Oyo Assembly Cautions Churches, Mosques on Noise Pollution
  • PublishedMarch 21, 2017

Ibadan – The Oyo State House of Assembly has directed the state Ministry of Environment, Urban Development and Physical Planning to sanction Churches and Mosques that flout the Noise Pollution Law.

The Speaker of the House, Mr Michael Adeyemo (APC/Ibarapa-East), gave the directive at the plenary on Tuesday. Mr Isaac Ishola, the Commissioner in charge of the ministry and his counterpart in the Ministry of Information, Culture and Tourism, Mr Toye Arulogun, had appeared before the House. The House had on Feb. 16, summoned the two commissioners over incessant noise pollution in the state.

The speaker, who said he was impressed with the ministry’s efforts to curb noise pollution, urged it to take serious action against people who attacked the enforcement officers. “Those guilty of such must be duly prosecuted and jailed; this should not be taken with levity.

“How will they perform their jobs effectively, if they cannot enjoy the protection of the state,” he said. Adeyemo said that since all avenues of dialogue and sensitization had been explored but failed, the ministry should implement the laws by sanctioning and closing down any erring place of worship.

“ If you have invited a church since January, 2016 and it refused to honour the invitation and another one signed an undertaking since February, 2016 and has not complied, then seal them.
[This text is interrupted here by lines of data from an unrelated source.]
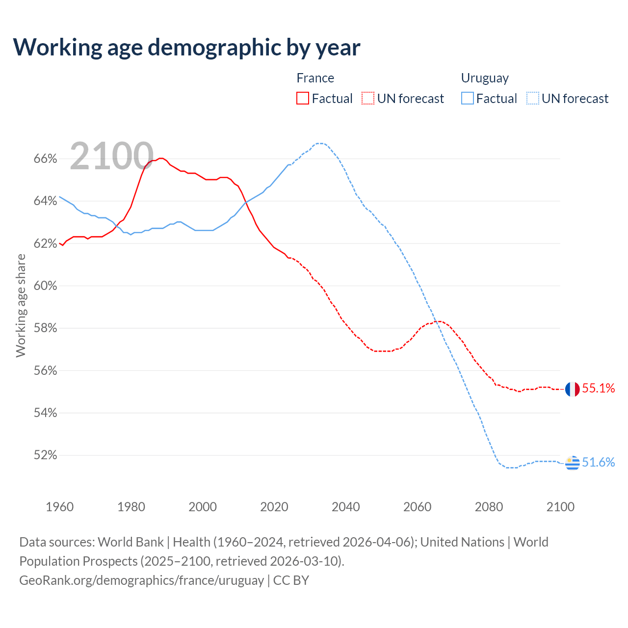 - France has 42.2M working age adults (aged 15-64) vs 2.22M in Uruguay.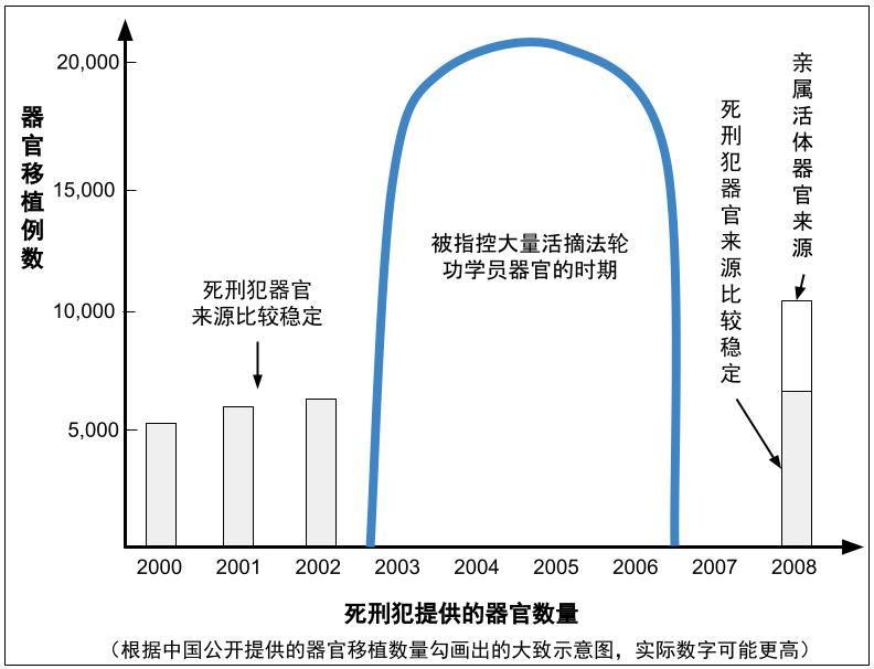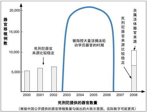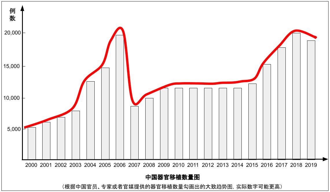 根据中共自己提供的器官移植数据,我们可以勾画出从2000年到2020年的大致曲线,虽然外界相信真实的数字要高得多。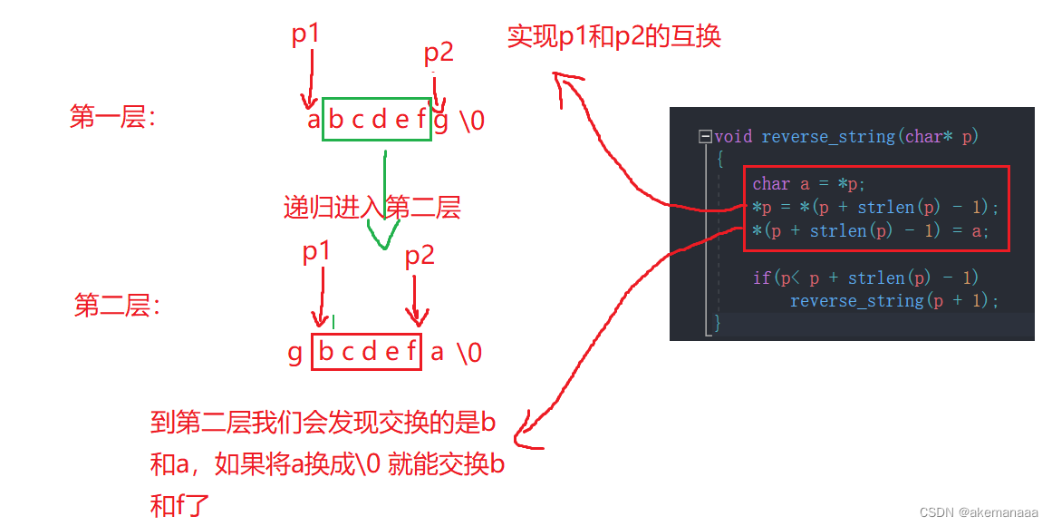只需要将strlen(p)提前存起来,之后就不会在递归完毕回归时因为字符被赋为\0而改变strlen(p)的大小;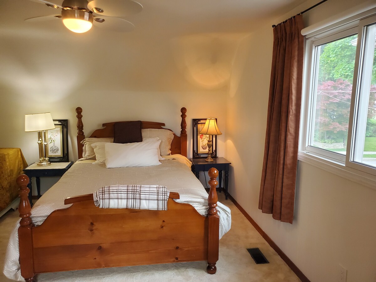 Excelentes vistas al lago y al nuevo teatro desde los balcones de 2 dormitorios con cama tamaño king y baño privado en una casa nueva (2016). El anfitrión, experto en festivales, ofrece total privacidad. Avon Vista Guest Suite es ideal para disfrutar del Festival de Stratford y de los parques florales junto al lago. Paseo panorámico de 5 minutos hasta el nuevo Teatro Tom Patterson. Fácil acceso a pie a todos los teatros y al centro de la ciudad. Cocina completa, gran mesa de comedor, TV de 50 pulgadas (cable completo), biblioteca teatral, jardines de rosas. El anfitrión paga el 13 % de los impuestos federales y el 4 % de los impuestos municipales.
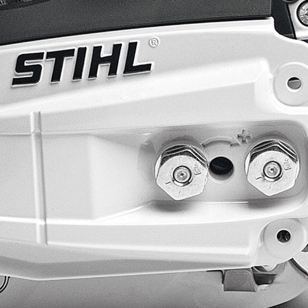 Dekompresní ventil při startování uvolňuje část stlačené směsi z válce, což snižuje potřebnou sílu na startovacím lanku a chrání startovací systém. ElastoStart rukojeť s tlumícím prvkem plynule akumuluje a uvolňuje sílu, čímž zajišťuje hladké startování bez trhavých pohybů. Napínací šroub ovládaný ze strany krytu řetězky snižuje riziko kontaktu s ostrým řetězem.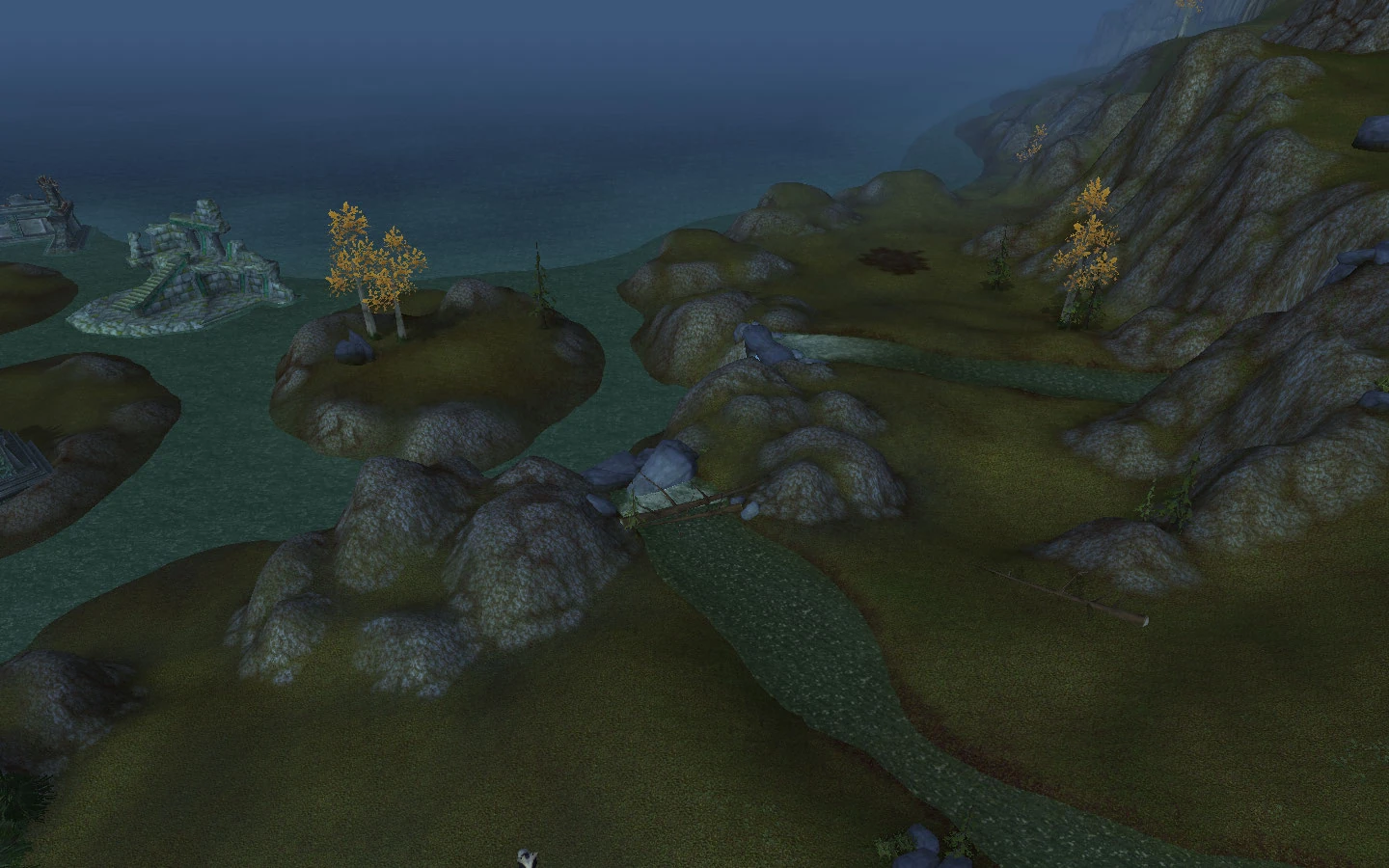The Eastwind Shore is a coastal area near Drakil'jin Ruins overlooking Bloodmoon Isle in the Grizzly Hills.

“If some are complying and others are not, you are giving room for impunity,’’ the speaker said. Ishola had earlier told the lawmakers at the plenary that Churches and Mosques contributed 70 per cent of noise pollution within Ibadan metropolis.

He said that noise from the social gatherings only accounted for 10 per cent.
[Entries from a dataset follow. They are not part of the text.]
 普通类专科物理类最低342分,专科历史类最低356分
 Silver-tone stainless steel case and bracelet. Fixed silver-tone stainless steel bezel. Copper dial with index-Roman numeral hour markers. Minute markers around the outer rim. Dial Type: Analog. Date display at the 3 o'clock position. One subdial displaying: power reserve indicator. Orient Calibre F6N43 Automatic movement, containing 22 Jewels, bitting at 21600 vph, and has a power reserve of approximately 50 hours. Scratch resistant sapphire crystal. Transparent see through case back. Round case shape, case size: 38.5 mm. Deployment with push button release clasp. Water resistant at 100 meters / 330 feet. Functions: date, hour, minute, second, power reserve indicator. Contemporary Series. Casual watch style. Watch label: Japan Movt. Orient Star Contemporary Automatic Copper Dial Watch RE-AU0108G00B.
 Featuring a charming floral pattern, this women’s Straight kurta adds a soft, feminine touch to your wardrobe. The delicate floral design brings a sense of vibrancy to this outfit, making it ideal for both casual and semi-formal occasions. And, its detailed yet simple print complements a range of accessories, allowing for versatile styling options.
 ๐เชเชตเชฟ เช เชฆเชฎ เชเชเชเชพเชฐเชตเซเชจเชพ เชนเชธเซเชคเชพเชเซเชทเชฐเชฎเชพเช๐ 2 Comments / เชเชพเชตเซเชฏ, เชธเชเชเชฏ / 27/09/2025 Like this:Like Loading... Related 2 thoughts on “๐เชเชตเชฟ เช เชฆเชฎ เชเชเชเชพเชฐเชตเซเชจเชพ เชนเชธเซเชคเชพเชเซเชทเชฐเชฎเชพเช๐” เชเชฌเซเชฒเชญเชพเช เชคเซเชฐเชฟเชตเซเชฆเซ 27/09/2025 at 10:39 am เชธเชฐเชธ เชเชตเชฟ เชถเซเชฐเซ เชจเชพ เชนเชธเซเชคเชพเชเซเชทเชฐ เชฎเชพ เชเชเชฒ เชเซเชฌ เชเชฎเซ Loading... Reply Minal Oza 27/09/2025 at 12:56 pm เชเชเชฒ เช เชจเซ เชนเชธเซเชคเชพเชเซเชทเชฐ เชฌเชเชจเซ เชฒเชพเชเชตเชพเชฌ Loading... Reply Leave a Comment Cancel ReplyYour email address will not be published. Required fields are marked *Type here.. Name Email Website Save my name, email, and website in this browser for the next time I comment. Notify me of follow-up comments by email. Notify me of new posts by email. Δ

“The telecommunications companies are not left out; they contribute about 10 per cent, while vehicular noise and generator noise constitute three and five per cent respectively,” he said. Ishola said that in spite of the stakeholders’ meetings with various representatives, the menace of noise pollution still persisted in the area.

According to him, the ministry’s officials that go out to enforce the Environmental Laws are either attacked physically or verbally threatened.

Ishola said the defaulters that were invited to the ministry failed to honour the invitation. Arulogun, on his part, told the lawmakers that the Ministry of Information, Culture and Tourism had engaged in door-to-door enlightenment to sensitise people on the dangers of noise pollution.